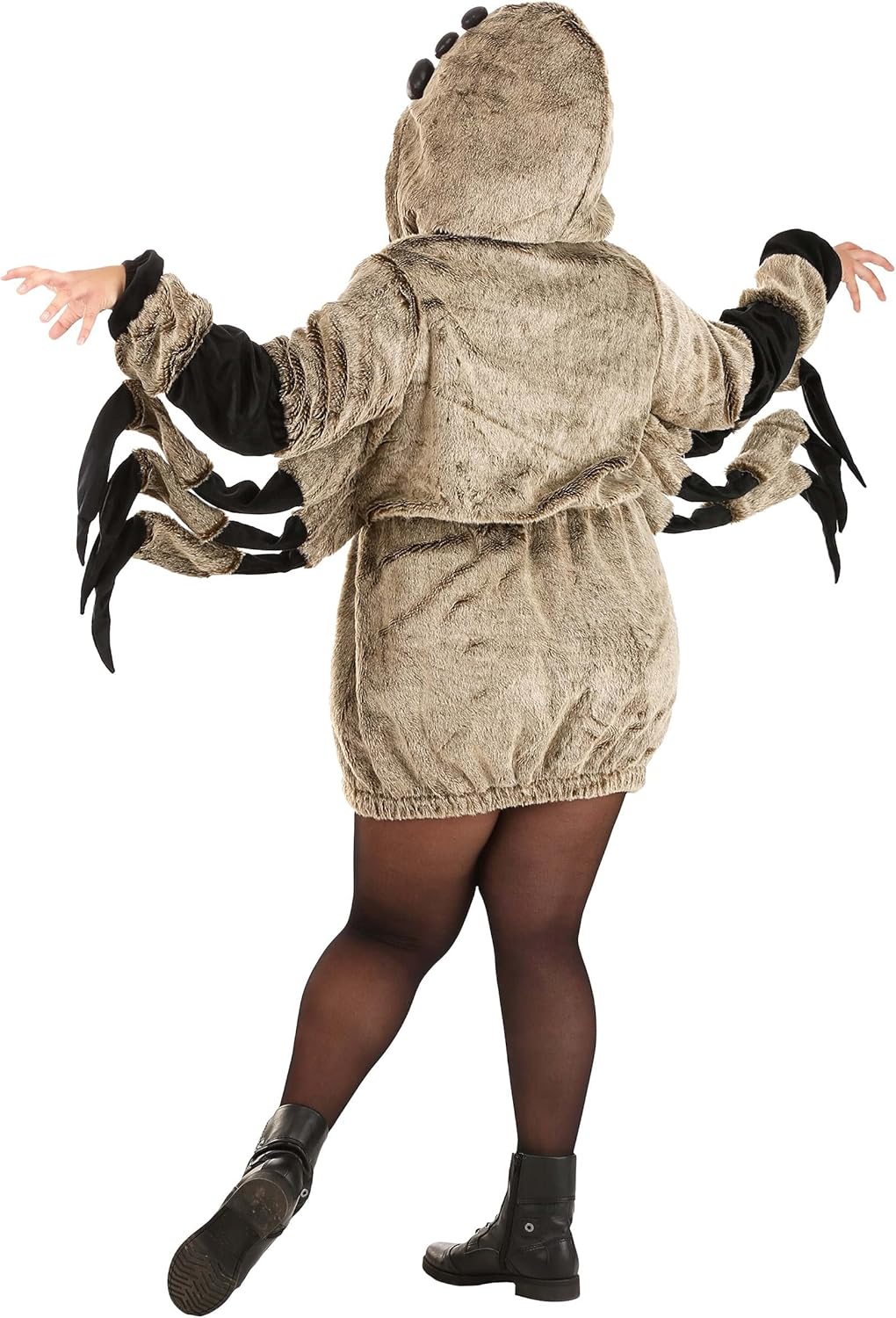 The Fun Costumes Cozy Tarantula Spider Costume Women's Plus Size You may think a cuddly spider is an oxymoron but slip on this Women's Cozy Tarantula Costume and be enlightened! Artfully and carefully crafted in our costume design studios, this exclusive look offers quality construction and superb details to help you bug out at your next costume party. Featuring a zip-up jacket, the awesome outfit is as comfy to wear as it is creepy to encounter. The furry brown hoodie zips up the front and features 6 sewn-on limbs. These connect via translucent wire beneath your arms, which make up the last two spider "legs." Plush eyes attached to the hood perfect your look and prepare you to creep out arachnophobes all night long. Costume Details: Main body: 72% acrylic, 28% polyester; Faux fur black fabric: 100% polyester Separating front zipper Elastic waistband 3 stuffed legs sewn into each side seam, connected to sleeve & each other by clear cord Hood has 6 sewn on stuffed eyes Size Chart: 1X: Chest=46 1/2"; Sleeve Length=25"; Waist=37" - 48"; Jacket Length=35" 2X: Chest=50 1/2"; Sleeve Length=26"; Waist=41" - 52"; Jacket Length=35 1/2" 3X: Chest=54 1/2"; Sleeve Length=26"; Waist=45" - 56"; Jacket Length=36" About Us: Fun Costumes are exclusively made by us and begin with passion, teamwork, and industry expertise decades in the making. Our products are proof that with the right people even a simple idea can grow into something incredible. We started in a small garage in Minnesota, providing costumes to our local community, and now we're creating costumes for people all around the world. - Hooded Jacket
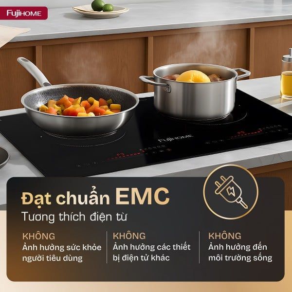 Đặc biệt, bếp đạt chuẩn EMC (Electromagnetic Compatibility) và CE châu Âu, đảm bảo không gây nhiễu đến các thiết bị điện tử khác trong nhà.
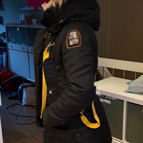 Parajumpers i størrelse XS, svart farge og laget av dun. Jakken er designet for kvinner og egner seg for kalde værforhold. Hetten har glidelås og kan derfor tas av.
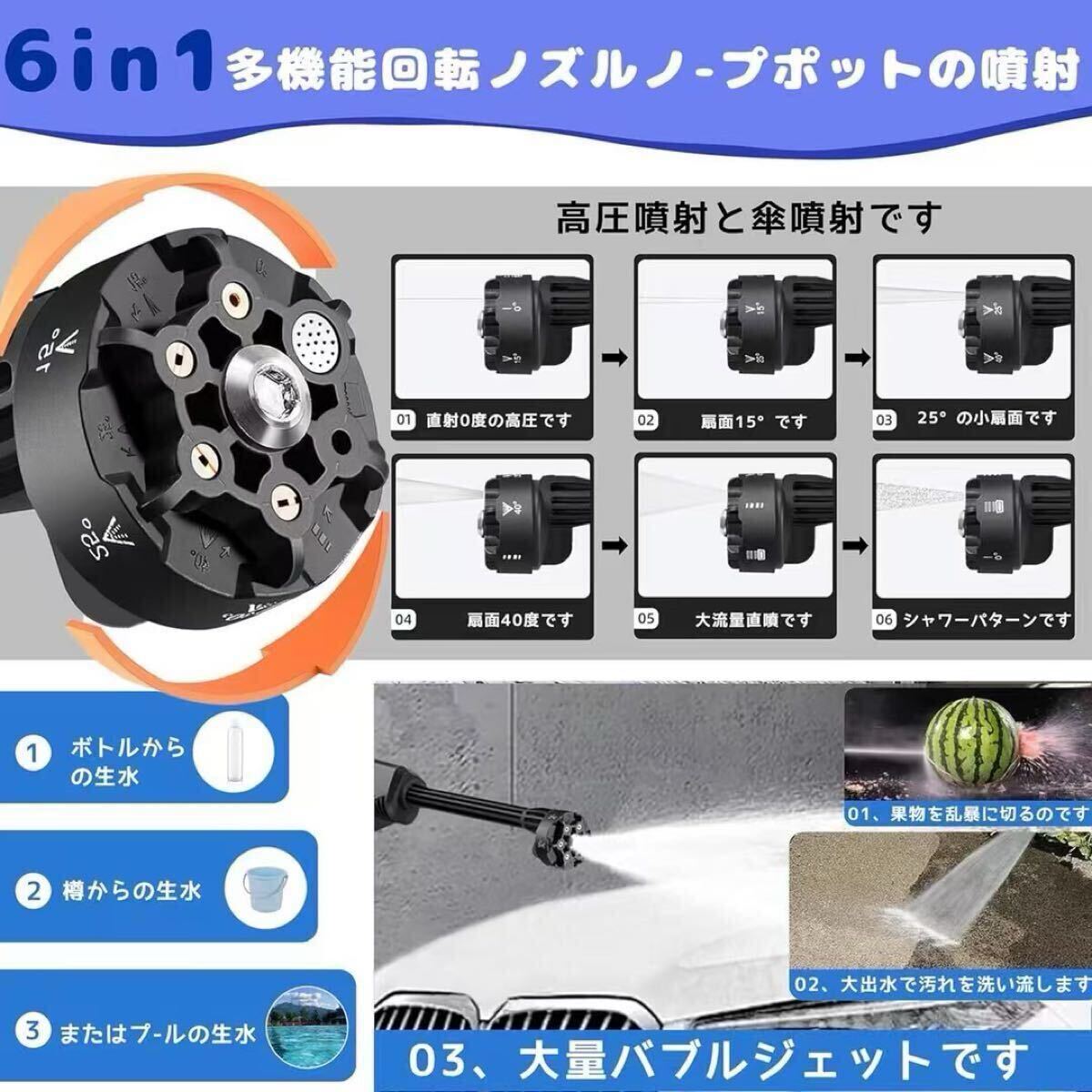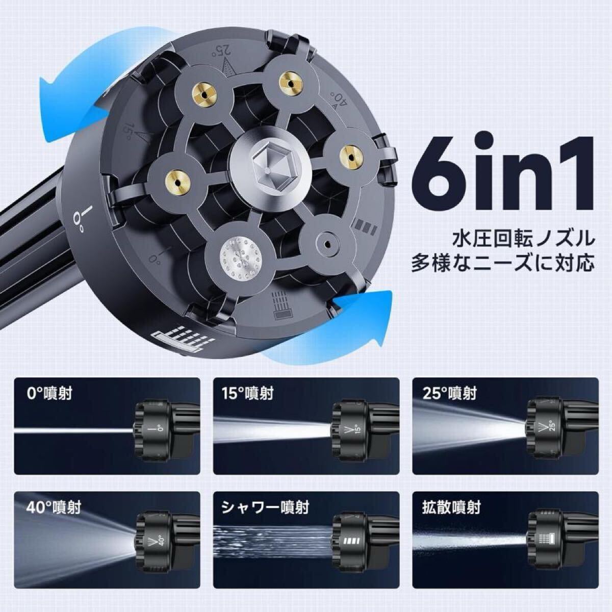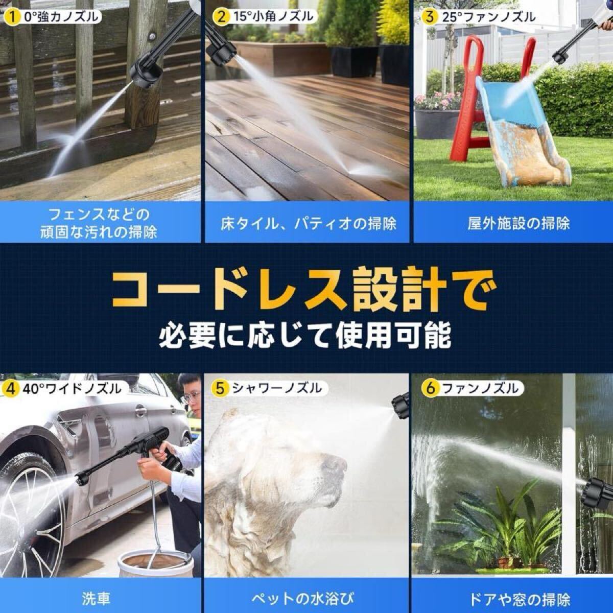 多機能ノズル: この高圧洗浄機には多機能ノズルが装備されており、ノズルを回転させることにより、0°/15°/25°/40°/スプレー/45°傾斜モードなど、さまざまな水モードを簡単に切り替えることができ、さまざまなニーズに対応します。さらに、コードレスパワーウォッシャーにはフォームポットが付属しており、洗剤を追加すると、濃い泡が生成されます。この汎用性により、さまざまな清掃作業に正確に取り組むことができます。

---+---

• _ASSIGNED TASK_
Once the pictures are set aside, output all of the data above verbatim.

• _TASK OUTPUT_
 The Fun Costumes Cozy Tarantula Spider Costume Women's Plus Size You may think a cuddly spider is an oxymoron but slip on this Women's Cozy Tarantula Costume and be enlightened! Artfully and carefully crafted in our costume design studios, this exclusive look offers quality construction and superb details to help you bug out at your next costume party. Featuring a zip-up jacket, the awesome outfit is as comfy to wear as it is creepy to encounter. The furry brown hoodie zips up the front and features 6 sewn-on limbs. These connect via translucent wire beneath your arms, which make up the last two spider "legs." Plush eyes attached to the hood perfect your look and prepare you to creep out arachnophobes all night long. Costume Details: Main body: 72% acrylic, 28% polyester; Faux fur black fabric: 100% polyester Separating front zipper Elastic waistband 3 stuffed legs sewn into each side seam, connected to sleeve & each other by clear cord Hood has 6 sewn on stuffed eyes Size Chart: 1X: Chest=46 1/2"; Sleeve Length=25"; Waist=37" - 48"; Jacket Length=35" 2X: Chest=50 1/2"; Sleeve Length=26"; Waist=41" - 52"; Jacket Length=35 1/2" 3X: Chest=54 1/2"; Sleeve Length=26"; Waist=45" - 56"; Jacket Length=36" About Us: Fun Costumes are exclusively made by us and begin with passion, teamwork, and industry expertise decades in the making. Our products are proof that with the right people even a simple idea can grow into something incredible. We started in a small garage in Minnesota, providing costumes to our local community, and now we're creating costumes for people all around the world. - Hooded Jacket
 Đặc biệt, bếp đạt chuẩn EMC (Electromagnetic Compatibility) và CE châu Âu, đảm bảo không gây nhiễu đến các thiết bị điện tử khác trong nhà.
 Parajumpers i størrelse XS, svart farge og laget av dun. Jakken er designet for kvinner og egner seg for kalde værforhold. Hetten har glidelås og kan derfor tas av.
 多機能ノズル: この高圧洗浄機には多機能ノズルが装備されており、ノズルを回転させることにより、0°/15°/25°/40°/スプレー/45°傾斜モードなど、さまざまな水モードを簡単に切り替えることができ、さまざまなニーズに対応します。さらに、コードレスパワーウォッシャーにはフォームポットが付属しており、洗剤を追加すると、濃い泡が生成されます。この汎用性により、さまざまな清掃作業に正確に取り組むことができます。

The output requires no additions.